Does every AIO have citations?
Does organic position determine AIO visibility?
How many AIOs contain the search query?
How different are AIOs in vs. outside of SGE?

Which Domains Are Most Visible In AIOs?

We can assume that the most cited domains also get the most traffic from AIOs.

In my previous analyses, Wikipedia and Reddit were the most cited sources. This time, we see a different picture.

The top 10 most cited domains in AIOs:

youtube.com.
wikipedia.com.
linkedin.com.
NIH (National Library of Medicine).
support.google.com.
healthline.com.
webmd.com.
support.microsoft.com.
mayoclinic.org.

The top 10 best-ranking domains in classic search results:

www.google.com.
www.youtube.com.
www.reddit.com.
www.quora.com.
en.wikipedia.org.
www.linkedin.com.
support.google.com.
www.healthline.com.
www.ncbi.nlm.nih.gov.
www.webmd.com.

The biggest difference? Reddit, Quora, and Google are completely underrepresented in AIO citations, which is completely counterintuitive and against trends we’ve seen in the past. I found only a few AIO citations for the three domains:

Reddit: 130.
Quora: 398.
Google: 612.

Did Google make a conscious change here?

We can see that AIOs can show vast differences between cited URLs and ranking URLs in classic search results.

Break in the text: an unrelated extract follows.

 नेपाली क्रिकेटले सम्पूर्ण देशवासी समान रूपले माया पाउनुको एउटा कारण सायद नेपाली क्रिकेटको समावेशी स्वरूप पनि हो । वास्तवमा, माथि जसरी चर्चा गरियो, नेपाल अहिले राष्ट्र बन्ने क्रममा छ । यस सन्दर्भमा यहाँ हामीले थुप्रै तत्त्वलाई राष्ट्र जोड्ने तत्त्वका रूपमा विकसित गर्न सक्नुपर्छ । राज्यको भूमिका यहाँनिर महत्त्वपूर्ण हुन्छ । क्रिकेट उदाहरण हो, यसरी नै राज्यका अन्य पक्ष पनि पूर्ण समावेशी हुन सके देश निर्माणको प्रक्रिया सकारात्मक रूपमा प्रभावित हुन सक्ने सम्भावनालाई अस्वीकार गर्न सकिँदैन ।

The fact that two social networks, YouTube and LinkedIn, are in the top three most cited domains raises the question of whether we can influence AIO answers with content on YouTube and LinkedIn more than our own.

Videos take more effort to produce than LinkedIn answers, but they might also be more defensible against copycats. AIO-optimization strategies should include social and video content.

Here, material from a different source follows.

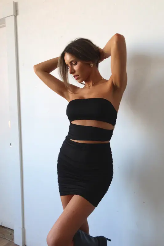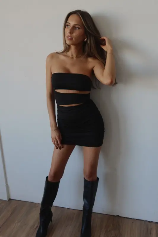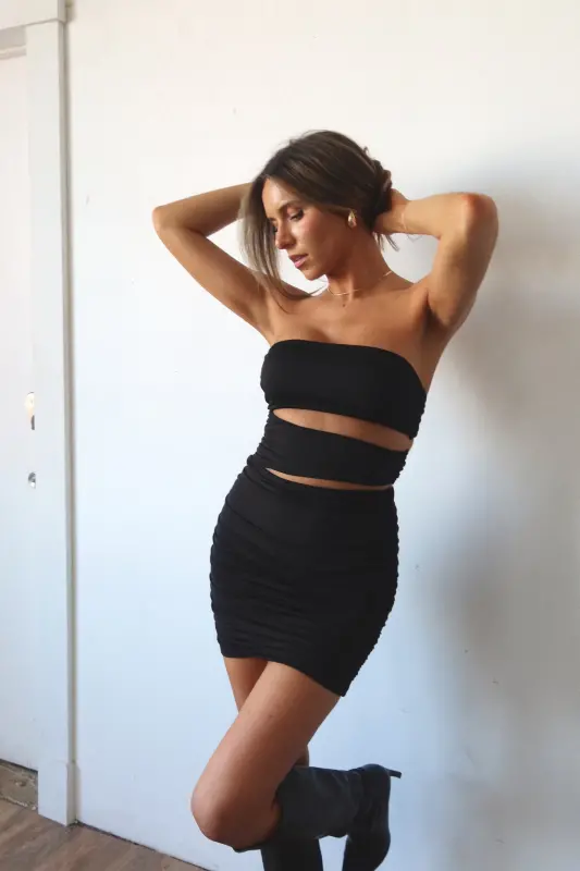 Our Tia Cut Out Strapless Dress is a bodycon dress with cut out details. his dress is completed with a small cut out below the bustline. The cut outs are connected with clear straps. This dress has plenty of stretch and runs true to size.

Does Every AIO Have Citations?

We assume every AIO has citations, but that’s not always the case.

Queries with very simple user intent, like “What is a meta description for an article?” or “Is 1.5 a whole number?” don’t show any citations.

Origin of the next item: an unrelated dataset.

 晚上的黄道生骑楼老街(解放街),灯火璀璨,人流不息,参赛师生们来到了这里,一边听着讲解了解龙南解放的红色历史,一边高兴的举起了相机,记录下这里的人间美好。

I counted 4,691 zero-citation queries (0.85%) in the data set – less than 1% (0.85%).

It’s questionable how valuable this traffic would have been in the first place.

However, the fact that Google is willing to display AI answers without citations raises the question of whether we’ll also see more complex and valuable queries without sources.

The impact would be devastating, as citations are the only way to get clicks from AIOs.

Does Organic Position Determine AIO Visibility?

Lately, more data came out showing a high overlap between pages cited in AIOs and pages ranking in the top spots for the same query.

The underlying question is: Do you need to do anything different to optimize for AIOs than for classic search results?

Early on, Google would cite URLs in AIOs that don’t rank in the top 10 results. Some would even come from penalized or non-indexed domains.

The concern was that a system would pick citations far removed from classic search results ranking, making it hard to optimize for AIOs and leading to questionable answers.

Over the last one to two months, that trend seems to have changed, but the data does not indicate a turnaround.

I found:

9.2 million total unique URLs in the top 20 search results.
2.7 million total URLs in AIO citations.
1.1 million unique URLs in both the top 20 search result positions and as AIO citations.

12.1% of URLs in the top 20 search results are also AIO citations. In reverse, 59.6% of AIO citations are not from the top 20 search results.

The observation is supported by a Google patent showing how links are selected after summarization and weak correlations between search results rank and AIO citations: -0.19 in total and -0.21 for the top 3 search results.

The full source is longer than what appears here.